- [Problem description]: What is needed is an exact copy of the records below, with the pictures left out.

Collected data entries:
____________________

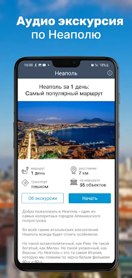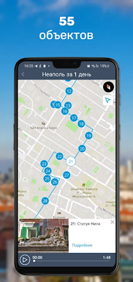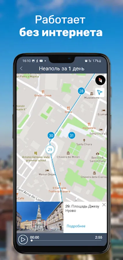 The audio guide does not consume mobile traffic in roaming and can work without an Internet connection, and the built-in GPS navigation will make it easy to find the right path in the maze of streets and squares of Naples, even if you are in the city for the first time.
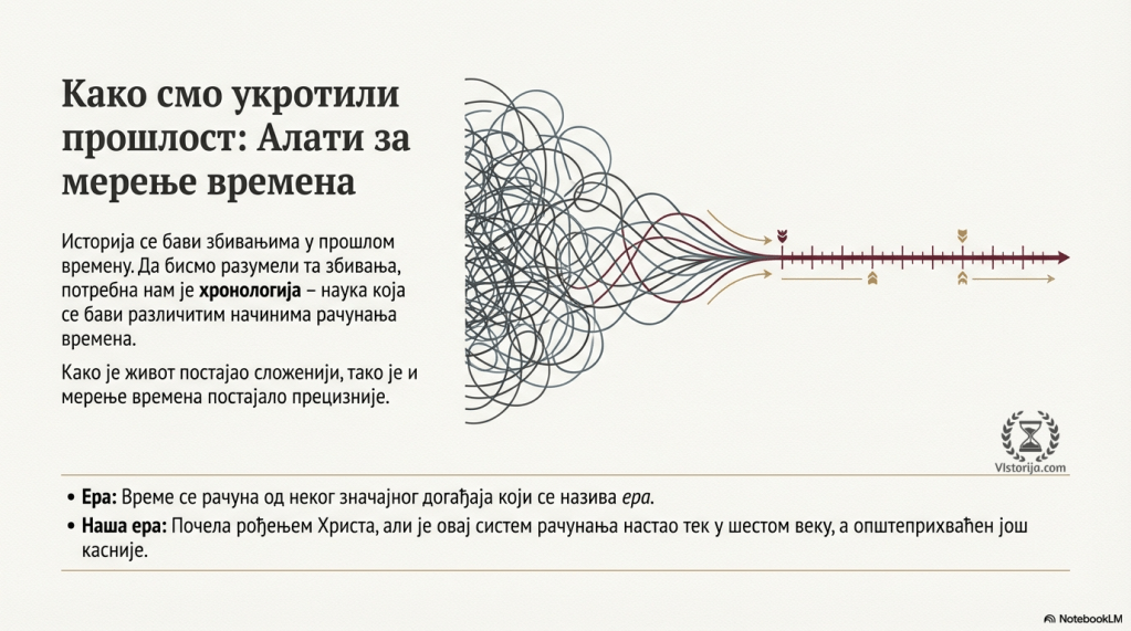 Историја се бави прошлошћу, збивањима у претходном времену. Догађаји се нису дешавали само у неком времену, него и на неком простору и то су фактори који у многоме утичу на догађаје. Немогуће је да се догађаји понове потпуно идентично, јер су околности различите и самим протоком времена (барем стицањем искуства) и променом места. Зато нам је за проучавање историје потребно и познавање географије и хронологије, која се бави различитим начинима рачунања времена у прошлости. Живот је временом постао садржајнији, бржи и организованији, па се и више пажње посвећивало рачунању времена, које је постајало све прецизније и јавно доступније.
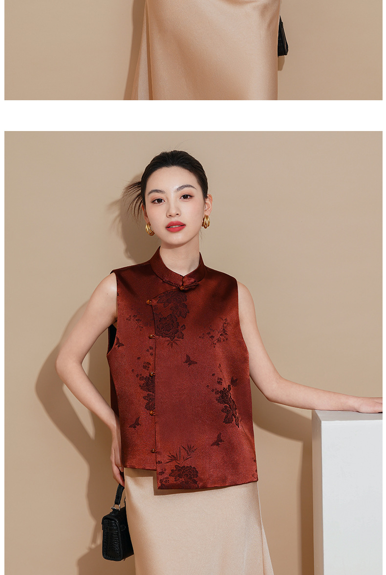 봄과 여름 새로운 중국 어머니 옷 여성 국가 스타일 청삼 조끼 여성 패션 연령 감소 카디건 수직 칼라 재킷
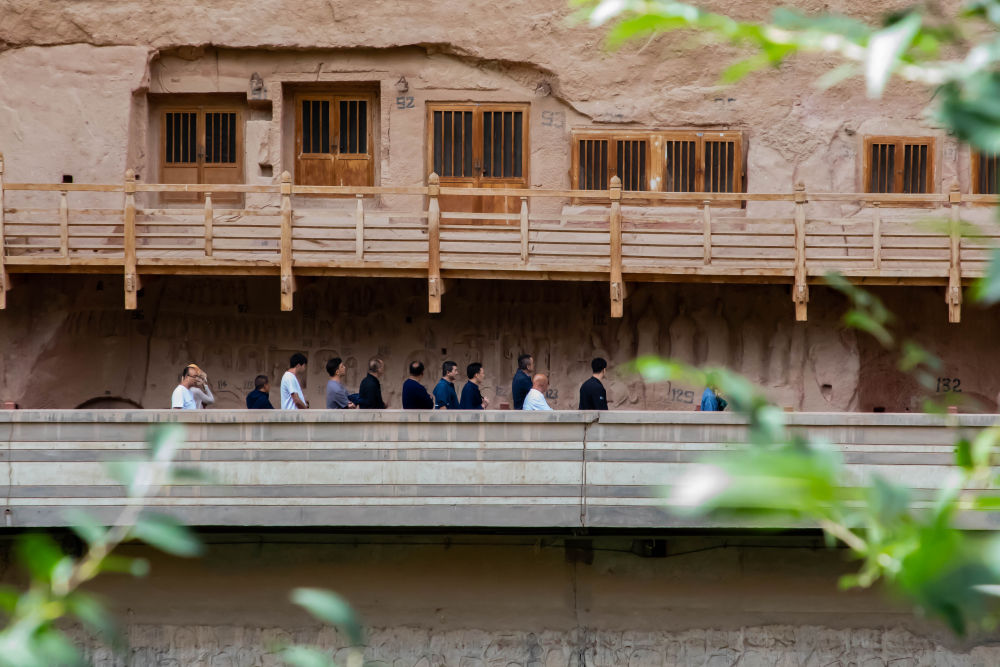 9月21日,游客(ke)在(zai)炳靈寺(si)石(shi)窟參觀。新華社記者 郎兵兵 攝
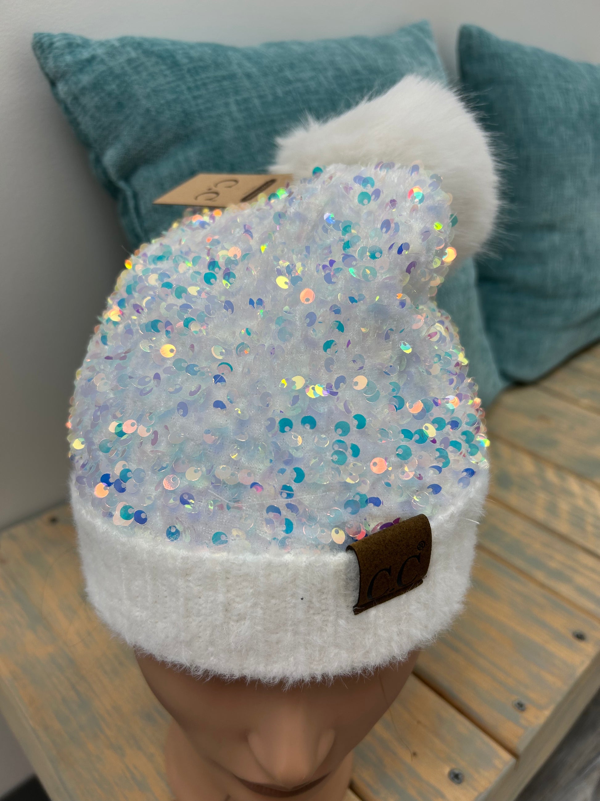 This is an adorable white sequin beanie
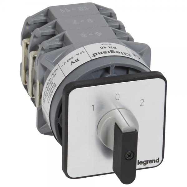 Commutateur à cames moteur triphasé inverseur 1 sens de marche 1 Commutateurs à cames fixation par vis sur porte de 16 à 63 A Permettent de sélectionner et de changer l'état des circuits dans lesquels ils sont intégrés Permettent de visualiser l'état de l'équipement en fonction de la position de la manette Montage sur portes d'armoires ou portes d'enveloppes Contacts à ouverture positive et double coupure des pôles Présentation, manette gris, noir plastron alu avec marquage Conformes aux normes IEC EN 60947 3 Agréés UL CSA USA Canada IP 40 à l'avant de l'enveloppe manette IP 2X à l'arrière de l'enveloppe jusqu'à PR 26 pour PR 40 et 63, nous consulter Inverseurs avec position arrêt 45° Nombre de pôles, 2 Gamme, PR 17 Valeur maxi en AC 21, 20 A Nombre contacts, 4., Nombre de pôles: 2 , Volume: 0., 52 dm3 , Poids: 161., 00 g Interrupteur Industriel Position Arrêt 45 Commutateur à Cames Inverseur Avec Position Arrêt 45° PR17 - 1P - 2 Commutateur à Cames Legrand PR17 Caractéristiques techniques · Type d'interrupteur. Commutateur multi-positions · Nombre de pôles. 2 · Tension de fonctionnement nominale max. Ue en CA. 690V 027433 Commutateur à cames inverseur avec position arrêt 45° PR12 - 4P...
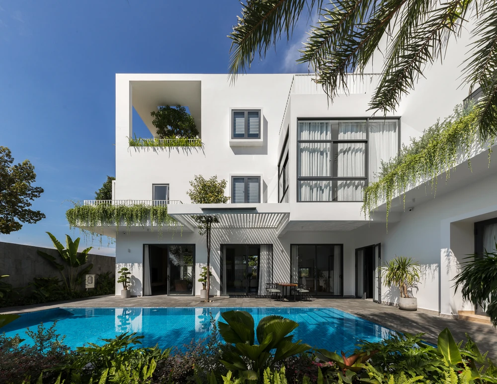 (PLO)- Căn biệt thự màu trắng ở Bình Dương với thiết kế mở và không gian xanh cho gia đình ba thế hệ.
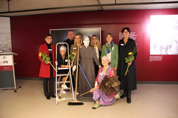 In einer lockeren Atmosphäre drehte sich alles um die Themen Stimme,Präsenz und Vernetzung. Dazu war die Kabarettistin Sabine Becker-Brauer als Expertin für Stimmtraining geladen,die als Putzfrau Erna Läpple in beeindruckender Weise durch das Programm „fegte“. In einem Mix aus Improvisation,Stand-up-Comedy,Animation und Kabarett-Elementen brachte sie den Teilnehmerinnen die Geschichte des Friedericke-Wackler-Museums näher und schaffte dazu ein tolle Überleitung zum Thema “Starke Frauen – Starke Stimmen”. Die Teilnehmerinnen wurden spielerisch und mit einer Prise Humor durch verschiedene Übungen zur Verbesserung von Sprechweise,Atmung,Artikulation,Körperhaltung und Stimmkraft herangeführt. Diese praktischen Ansätze ermöglichten es den Frauen,auch über größere Entfernungen hinweg klar und deutlich zu kommunizieren.
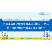 【全国1,000校以上の教員研修をトータルサポートするFind!アクティブラーナーが調査・発表】令和4年度に学校が求める研修テーマ 第3位は「働き方改革」…第1位は?
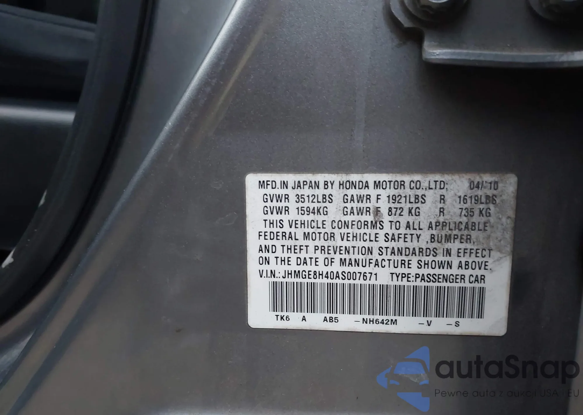 • VIN JHMGE8H40AS007671
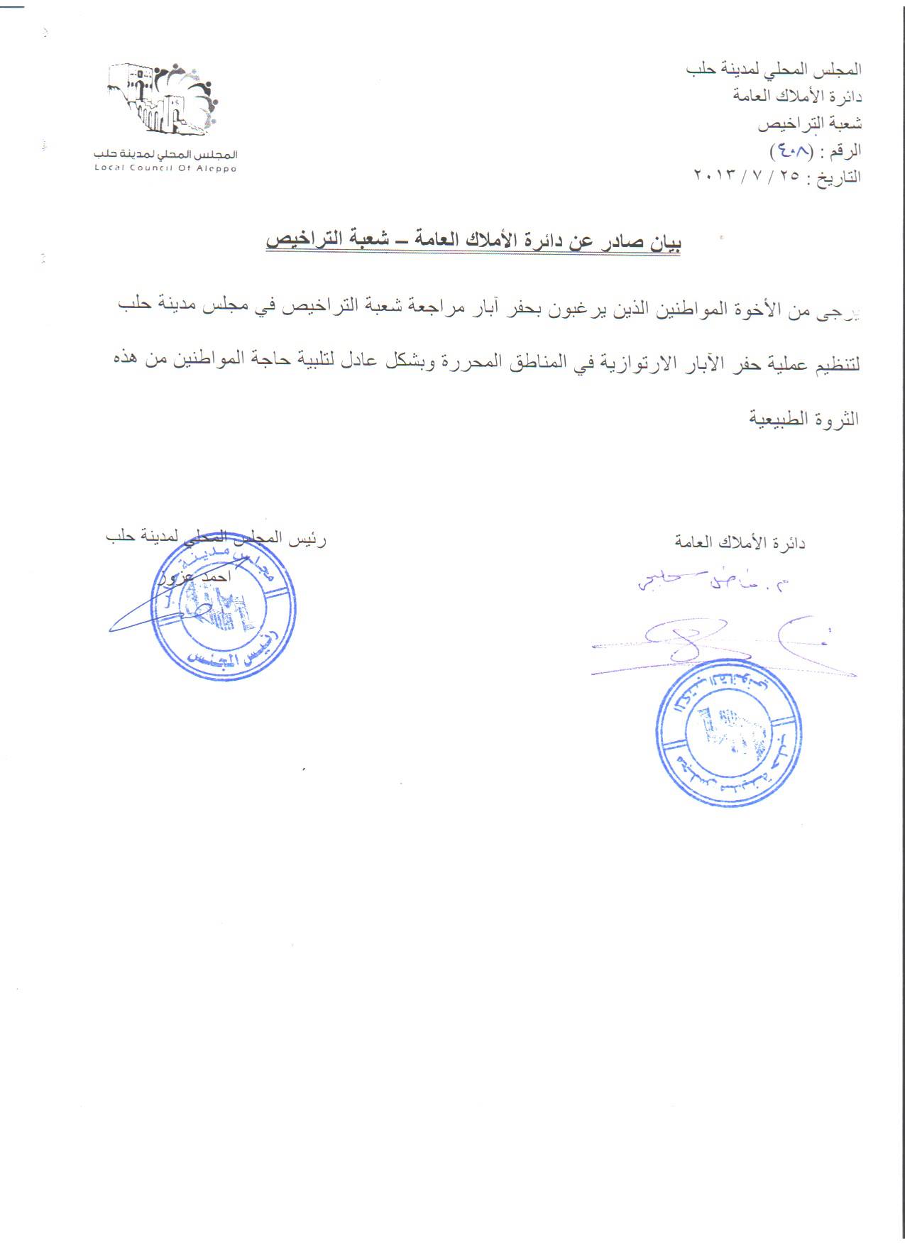 يرجى من الأخوة المواطنين الذين يرغبون بحفر آبار مراجعة شعبة التراخيص في مجلس مدينة حلب لتنظيم عملية حفر الآبار الارتوازية في المناطق المحررة وبشكل عادل لتلبية حاجة المواطنين من هذه الثروة الطبيعية
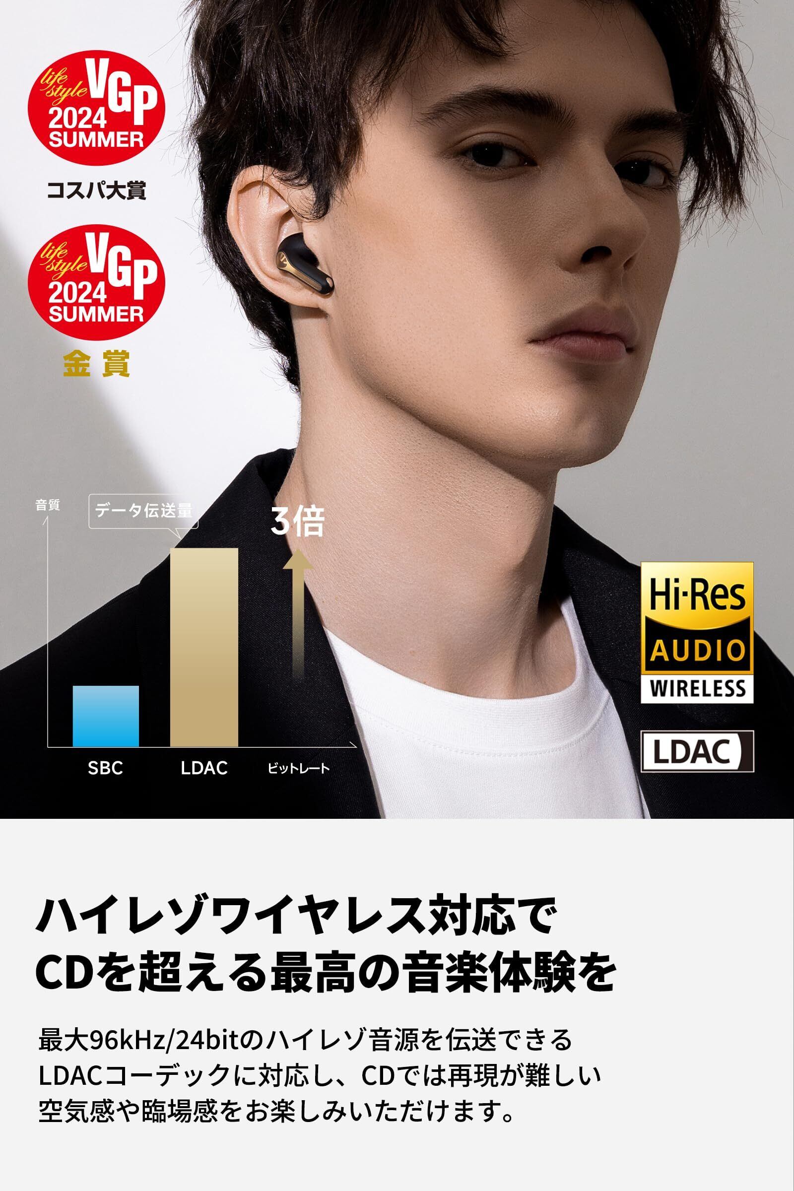 【ハイレゾワイヤレス対応、微妙な音のニュアンスも逃さない!】ハイレゾワイヤレス認証を取得し、20Hz~40kHz(従来のコーデックは20Hz~20kHz)という広い再生帯域をカバーすることで、ボーカルや楽器の音を繊細に描き出します。ハイレゾ相当の高音質を誇る「LDAC」に対応し、標準のBluetoothオーディオコーデックSBCと比べて最大約3倍の情報量を伝送します。原音を忠実にトレースし、ハイレゾ音源の繊細なニュアンスを描き出します。※マルチポイント接続時にLDACは使用できません。

____________________

- [Result below]:
 The audio guide does not consume mobile traffic in roaming and can work without an Internet connection, and the built-in GPS navigation will make it easy to find the right path in the maze of streets and squares of Naples, even if you are in the city for the first time.
 Историја се бави прошлошћу, збивањима у претходном времену. Догађаји се нису дешавали само у неком времену, него и на неком простору и то су фактори који у многоме утичу на догађаје. Немогуће је да се догађаји понове потпуно идентично, јер су околности различите и самим протоком времена (барем стицањем искуства) и променом места. Зато нам је за проучавање историје потребно и познавање географије и хронологије, која се бави различитим начинима рачунања времена у прошлости. Живот је временом постао садржајнији, бржи и организованији, па се и више пажње посвећивало рачунању времена, које је постајало све прецизније и јавно доступније.
 봄과 여름 새로운 중국 어머니 옷 여성 국가 스타일 청삼 조끼 여성 패션 연령 감소 카디건 수직 칼라 재킷
 9月21日,游客(ke)在(zai)炳靈寺(si)石(shi)窟參觀。新華社記者 郎兵兵 攝
 This is an adorable white sequin beanie
 Commutateur à cames moteur triphasé inverseur 1 sens de marche 1 Commutateurs à cames fixation par vis sur porte de 16 à 63 A Permettent de sélectionner et de changer l'état des circuits dans lesquels ils sont intégrés Permettent de visualiser l'état de l'équipement en fonction de la position de la manette Montage sur portes d'armoires ou portes d'enveloppes Contacts à ouverture positive et double coupure des pôles Présentation, manette gris, noir plastron alu avec marquage Conformes aux normes IEC EN 60947 3 Agréés UL CSA USA Canada IP 40 à l'avant de l'enveloppe manette IP 2X à l'arrière de l'enveloppe jusqu'à PR 26 pour PR 40 et 63, nous consulter Inverseurs avec position arrêt 45° Nombre de pôles, 2 Gamme, PR 17 Valeur maxi en AC 21, 20 A Nombre contacts, 4., Nombre de pôles: 2 , Volume: 0., 52 dm3 , Poids: 161., 00 g Interrupteur Industriel Position Arrêt 45 Commutateur à Cames Inverseur Avec Position Arrêt 45° PR17 - 1P - 2 Commutateur à Cames Legrand PR17 Caractéristiques techniques · Type d'interrupteur. Commutateur multi-positions · Nombre de pôles. 2 · Tension de fonctionnement nominale max. Ue en CA. 690V 027433 Commutateur à cames inverseur avec position arrêt 45° PR12 - 4P...
 (PLO)- Căn biệt thự màu trắng ở Bình Dương với thiết kế mở và không gian xanh cho gia đình ba thế hệ.
 In einer lockeren Atmosphäre drehte sich alles um die Themen Stimme,Präsenz und Vernetzung. Dazu war die Kabarettistin Sabine Becker-Brauer als Expertin für Stimmtraining geladen,die als Putzfrau Erna Läpple in beeindruckender Weise durch das Programm „fegte“. In einem Mix aus Improvisation,Stand-up-Comedy,Animation und Kabarett-Elementen brachte sie den Teilnehmerinnen die Geschichte des Friedericke-Wackler-Museums näher und schaffte dazu ein tolle Überleitung zum Thema “Starke Frauen – Starke Stimmen”. Die Teilnehmerinnen wurden spielerisch und mit einer Prise Humor durch verschiedene Übungen zur Verbesserung von Sprechweise,Atmung,Artikulation,Körperhaltung und Stimmkraft herangeführt. Diese praktischen Ansätze ermöglichten es den Frauen,auch über größere Entfernungen hinweg klar und deutlich zu kommunizieren.
 【全国1,000校以上の教員研修をトータルサポートするFind!アクティブラーナーが調査・発表】令和4年度に学校が求める研修テーマ 第3位は「働き方改革」…第1位は?
 • VIN JHMGE8H40AS007671
 يرجى من الأخوة المواطنين الذين يرغبون بحفر آبار مراجعة شعبة التراخيص في مجلس مدينة حلب لتنظيم عملية حفر الآبار الارتوازية في المناطق المحررة وبشكل عادل لتلبية حاجة المواطنين من هذه الثروة الطبيعية
 【ハイレゾワイヤレス対応、微妙な音のニュアンスも逃さない!】ハイレゾワイヤレス認証を取得し、20Hz~40kHz(従来のコーデックは20Hz~20kHz)という広い再生帯域をカバーすることで、ボーカルや楽器の音を繊細に描き出します。ハイレゾ相当の高音質を誇る「LDAC」に対応し、標準のBluetoothオーディオコーデックSBCと比べて最大約3倍の情報量を伝送します。原音を忠実にトレースし、ハイレゾ音源の繊細なニュアンスを描き出します。※マルチポイント接続時にLDACは使用できません。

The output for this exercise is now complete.